ULA ULA, Exemptions can be granted For non -profit organizations with history to develop affordable housing, but only if the non -profit organization is the buyer in the transaction. If the non -profit organization is the seller – Even if it is an organization whose work aligns with the objectives of the measurement of the ULA – it is in hook for the tax.

“It does not make sense that a non -profit organization in difficulty providing housing would pay the tax,” said Beitcher. “The tax was intended to maintain people housed, fed and safe in the streets. This is exactly what we have been doing for 83 years, so why do you get money from our pockets? ”

As a rule, non -profit organizations do not sell tens of millions of dollars in land, so the situation is somewhat rare. But Beitcher said rare or not, there must be a better solution.

“No one imagined this scenario when the law was built. And we pay the price,” said Beitcher.

Joe Donlin, who is director of United to HouseThe organization behind Measure ULA, said that the exemption rules have been designed to encourage sales to affordable non -profit housing developers like another avenue to build essential units. Each seller has this option, but if he chooses to sell to someone else, he will not be eligible for an exemption.

The exemptions are managed by two departments, depending on the type: the Finance office and the Housing service.

So far, the two have distributed ULA exemptions to those who qualify. The finance office granted 35 exemptions and the housing service granted 14. 670 sales were taxed under the ULA and 49 total exemptions, therefore about 7% of the sellers of “Manor tax” obtained exemptions.

“We are sensitive to these rare situations, but it is also important to recognize that almost 60% of voters have approved the measure of the ULA, and we are implementing it,” said Greg Good, director of strategic engagement and policy for the Housing Department.

Last month, a non -profit organization accumulated an even larger tax bill than MPTF.

In October, Jewish Health of Los AngelesA senior health non -profit organization sold a senior life complex in Playa Vista For $ 81 million. He found a buyer at the end of 2020, but the sales process has taken so long that ULA measurement was proposed, adopted and implemented before the conclusion of the agreement.

Consequently, the non -profit organization, which provides care for 4,000 elderly people, was blinded with a tax of $ 4.455 million under ULA.

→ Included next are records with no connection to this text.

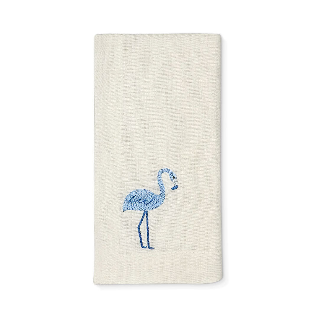 Servilletas Tropic en Lino Arena con Bordado de Flamingo Azul. Set de 4.
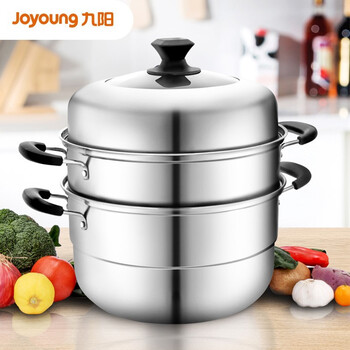 九阳(Joyoung)蒸锅三层蒸锅复合底不锈钢汤锅家用蒸馒头包子高拱盖32cm ZGH3201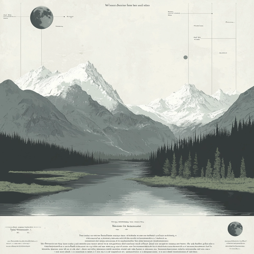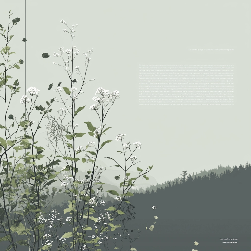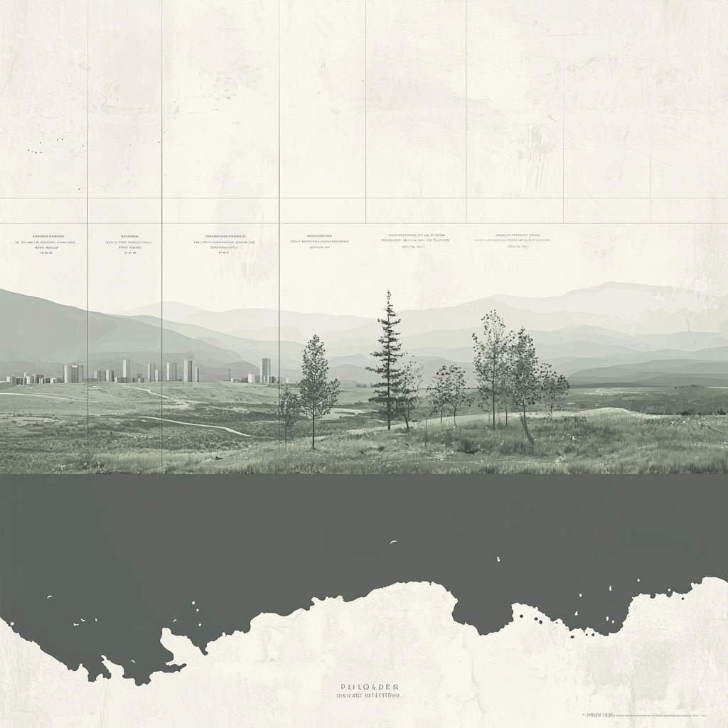 Lighting is soft with desaturated grays and greens contrasted by subtle orange highlights. The space is expansive with defined yet blurred boundaries. Texture appears smooth yet complex, integrating graphical elements with natural impressions.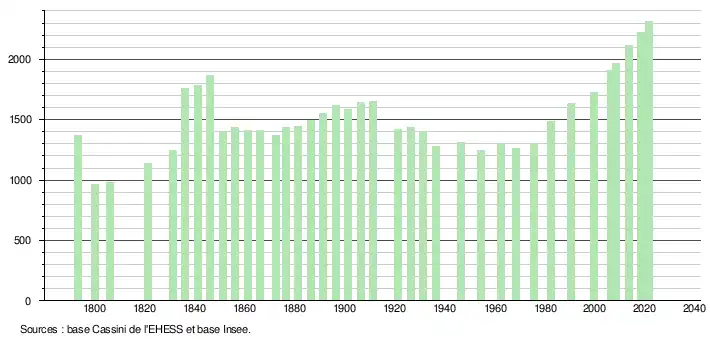 L'évolution du nombre d'habitants est connue à travers les recensements de la population effectués dans la commune depuis 1793. Pour les communes de moins de 10 000 habitants, une enquête de recensement portant sur toute la population est réalisée tous les cinq ans, les populations légales des années intermédiaires étant quant à elles estimées par interpolation ou extrapolation[25]. Pour la commune, le premier recensement exhaustif entrant dans le cadre du nouveau dispositif a été réalisé en 2008[26].

The organization intended to use a piece of the product to develop affordable housing, noting the plan in the entire sale of the sale of $ 81 million. But now it's in danger.

“It's a shame because it is money that we would have used for affordable accommodation,” said CEO Dale Surowitz. “Now this plan is at risk.”

Surowitz said he was working with the member of the municipal council Bob Blumenfield to recover the $ 4.455 million, either by an exemption, or by making him reinvest in the non -profit association, but said that there were no clear paths for this to happen.

“I don't think they planned this,” said Surowitz. “I cannot imagine that they want a non -profit organization involved in the management of people who do not have financial resources to pay the tax, because it was Ula's intention.”